Give the lines below again exactly, starting with the line that holds "Bershka - Kortærmet" and going on through the line that holds "Bước 2: Kế đến, sau".

INFORMATION PROVIDED
⟨
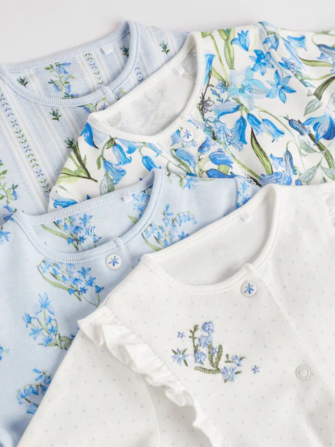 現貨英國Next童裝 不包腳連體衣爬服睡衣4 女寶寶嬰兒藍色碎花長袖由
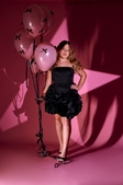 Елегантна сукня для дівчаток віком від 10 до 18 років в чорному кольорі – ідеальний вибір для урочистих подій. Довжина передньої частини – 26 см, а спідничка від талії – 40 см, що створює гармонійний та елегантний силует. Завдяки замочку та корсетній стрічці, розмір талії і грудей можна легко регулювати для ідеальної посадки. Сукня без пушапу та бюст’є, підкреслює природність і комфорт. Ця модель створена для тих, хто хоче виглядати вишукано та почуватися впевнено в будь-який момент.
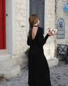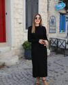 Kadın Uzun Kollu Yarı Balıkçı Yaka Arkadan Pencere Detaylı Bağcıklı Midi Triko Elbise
⟩
⟨
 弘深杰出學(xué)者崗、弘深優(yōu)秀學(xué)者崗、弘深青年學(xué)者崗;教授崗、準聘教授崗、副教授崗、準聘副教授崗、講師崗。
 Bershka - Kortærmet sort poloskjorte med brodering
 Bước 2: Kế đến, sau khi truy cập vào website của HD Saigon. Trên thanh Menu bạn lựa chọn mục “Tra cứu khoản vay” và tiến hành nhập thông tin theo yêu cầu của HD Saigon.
⟩
⟨
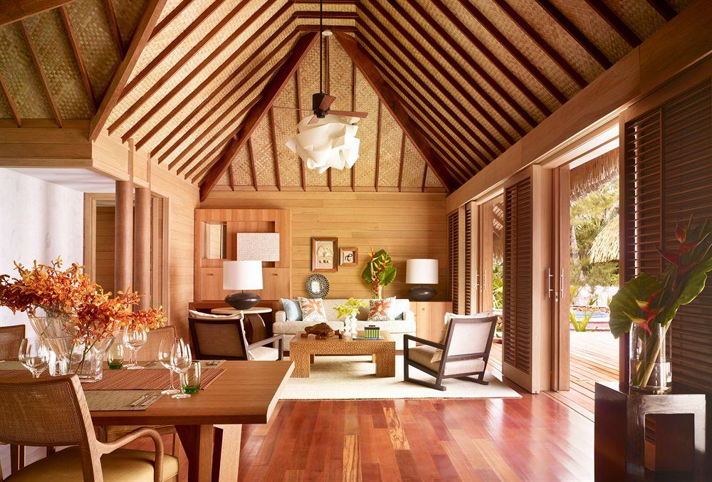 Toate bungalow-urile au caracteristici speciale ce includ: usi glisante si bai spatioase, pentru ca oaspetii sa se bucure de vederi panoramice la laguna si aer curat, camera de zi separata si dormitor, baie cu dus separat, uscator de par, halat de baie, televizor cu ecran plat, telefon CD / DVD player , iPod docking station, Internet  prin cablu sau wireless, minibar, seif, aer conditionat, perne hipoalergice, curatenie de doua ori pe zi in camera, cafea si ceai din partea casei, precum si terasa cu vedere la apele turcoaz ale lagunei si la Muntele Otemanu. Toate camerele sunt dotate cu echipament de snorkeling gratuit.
⟩
OUTPUT
 Bershka - Kortærmet sort poloskjorte med brodering
 Bước 2: Kế đến, sau khi truy cập vào website của HD Saigon. Trên thanh Menu bạn lựa chọn mục “Tra cứu khoản vay” và tiến hành nhập thông tin theo yêu cầu của HD Saigon.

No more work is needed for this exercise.